江戸時代、朝鮮から文化使節団「朝鮮通信使」が来日し、江戸の徳川将軍を表敬訪問していたことをご存知でしたか?
◆ 秀吉の侵略を乗り越えて
通信使とは、「信義を通わす使節」という意味で、15・16世紀の室町政権下でも行われ、日朝関係は概ね平和な関係が保たれていました。しかし、豊臣秀吉は2度にわたり朝鮮出兵を行います。「文禄・慶長の役」です。この争いで、日朝両国間の関係は冷えたものになってしまいました。

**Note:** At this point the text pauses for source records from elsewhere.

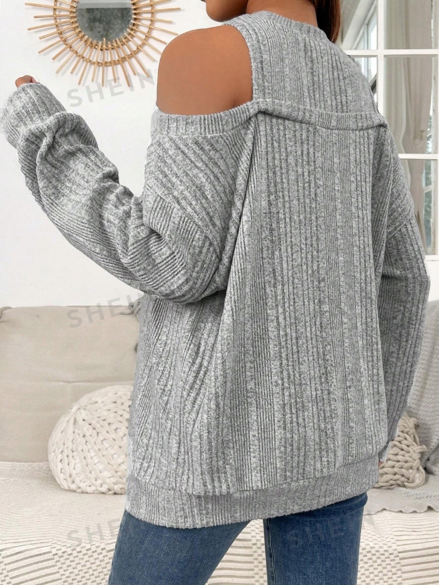 ЖІНОЧИЙ СВЕТР ДЛЯ ВАГІСЛІВ SHEIN СІРИЙ З КРУГЛОЮ ГОРІЄЮ M 419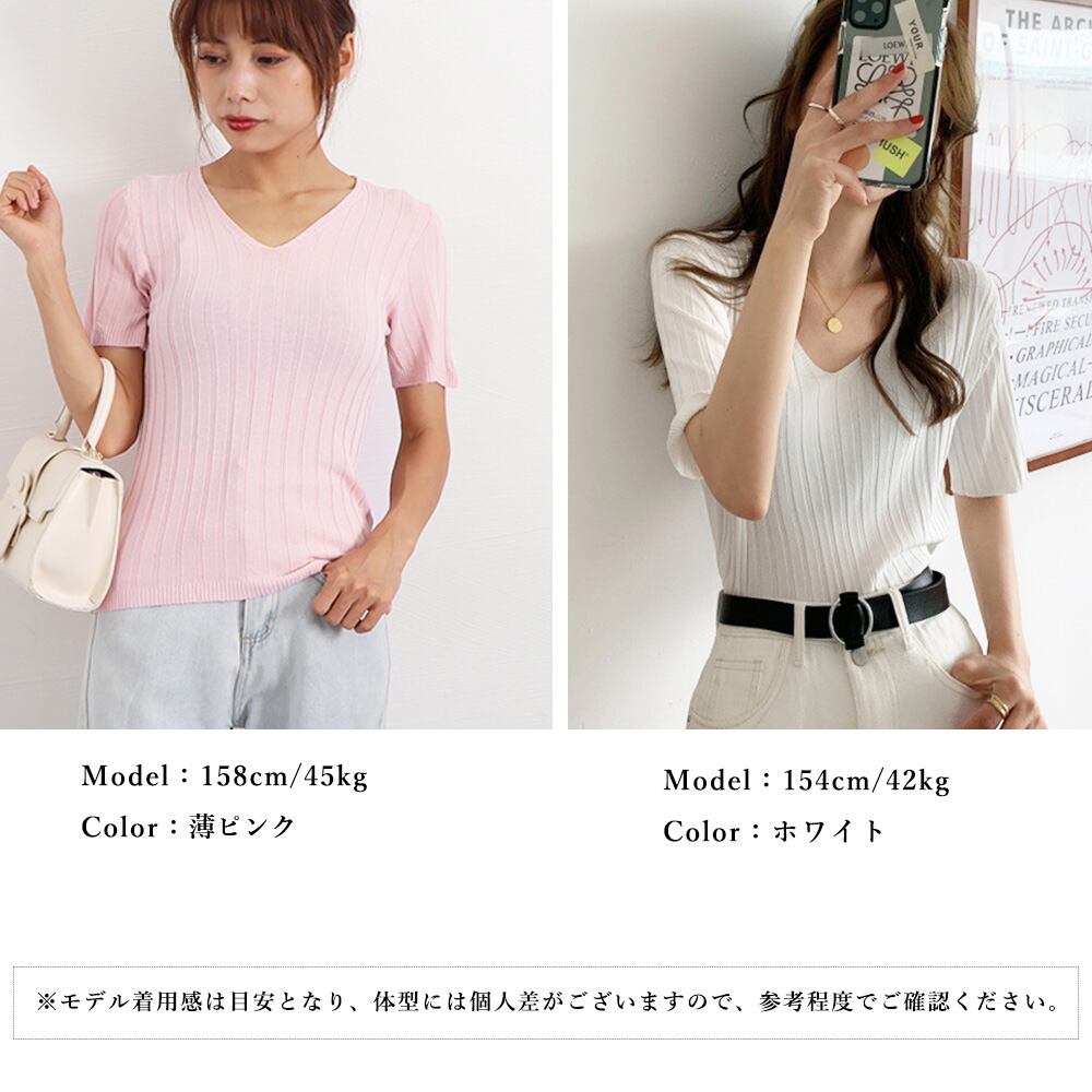 ボディコンシャスなリブ編みで美しく見せる広めのVネックサマーニットプルオーバーです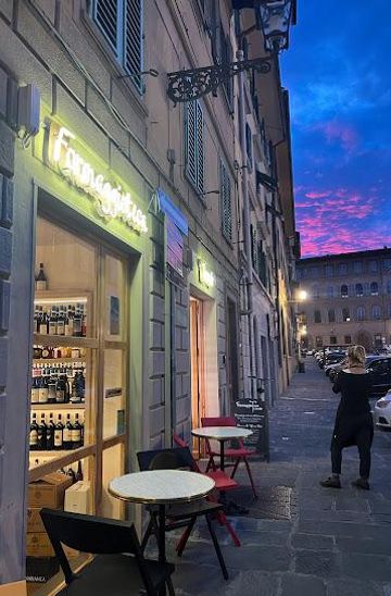 Formaggioteca Terroir is a charming cheese shop, wine bar, and tasting room in Florence's San Niccolò neighborhood. Discover over 50 exceptional Italian and French cheeses, paired with organic wines from small producers. Enjoy intimate tastings, gourmet crostini, and cheese platters in a cozy setting outside the ZTL zone. Perfect for aperitivo, lunch, or dinner with seating for up to 18 indoors and 16 on the outdoor terrace.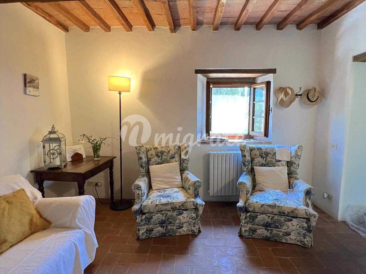 Расположенное в красивой, тихой сельской местности, всего в нескольких километрах от города Тавернелле-Валь-ди-Пеза, это старинное и красивое здание было со вкусом отреставрировано нынешними владельцами, чтобы превратить его в большой семейный дом площадью около 400 кв.м. Жилье включает в себя в общей сложности 7 спален и 7 ванных комнат, главную кухню, ведущую на террасу, и несколько комнат для приемов. Ремонт был выполнен с использованием местных материалов простым, но стильным способом. Вспомогательный блок нуждается в некоторой модернизации.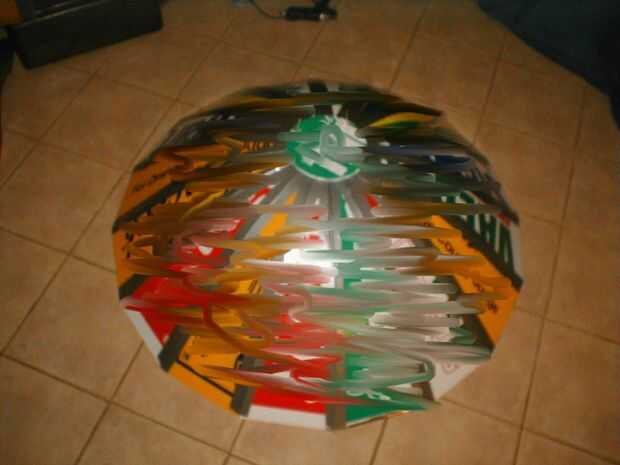 y las piezas de cinta juntas, o Utilice sujetacables, salió un poco inclinado por lo que añadí un disco de ridgid en el centro para aplanar la curva, lo debo haber hecho que primero.

しかし、江戸幕府を開いた徳川家康は「善隣外交」政策を行います。そして、1607年(慶長12年)以来、1811年(文化8年)まで12回にわたって、主に徳川将軍の襲職祝賀のため通信使が来日し、国書を交換し合います。両国は、対等の友好国として交わったのです。
徳川将軍が変わるごとに、幕府は対馬藩主(宗氏)を通じて、朝鮮国に通信使の派遣を要請しました。そして、訪日が決まると、対馬藩から朝鮮へ出迎えの使者を出し、風向きの良い日を選んで釜山を出発し、対馬に渡ります。
その後、壱岐・九州北部・瀬戸内海を経て、大坂に着き、そこからは川船に乗り換えて淀川を上り京都へ。さらに陸路、中山道・美濃路・東海道を経て江戸へ向かいました。
◆ 北浜に上陸した通信使
大阪での上陸地点は北浜で、現在の「花外楼」のある辺りと言われます。そこから堺筋(当時の大阪のメインストリート)を下り、宿舎の津村別院(北御堂)に向かいました。一行の人数は、毎回300〜500人の大使節団でした。迎える方も、礼を尽くし、最大限の歓待をしました。武士や町民との交流も盛んに行われたようです。大阪での朝鮮通信使の検証は遅れています。
2月1日に、花外楼で「朝鮮通信使について学び、饗応料理を食する会」を催した熟塾の主宰者・原田彰子さん(大阪府八尾市在住)は、朝鮮通信使を通しての当時の善隣外交に学ぶため、記念碑を建てる構想を抱いています。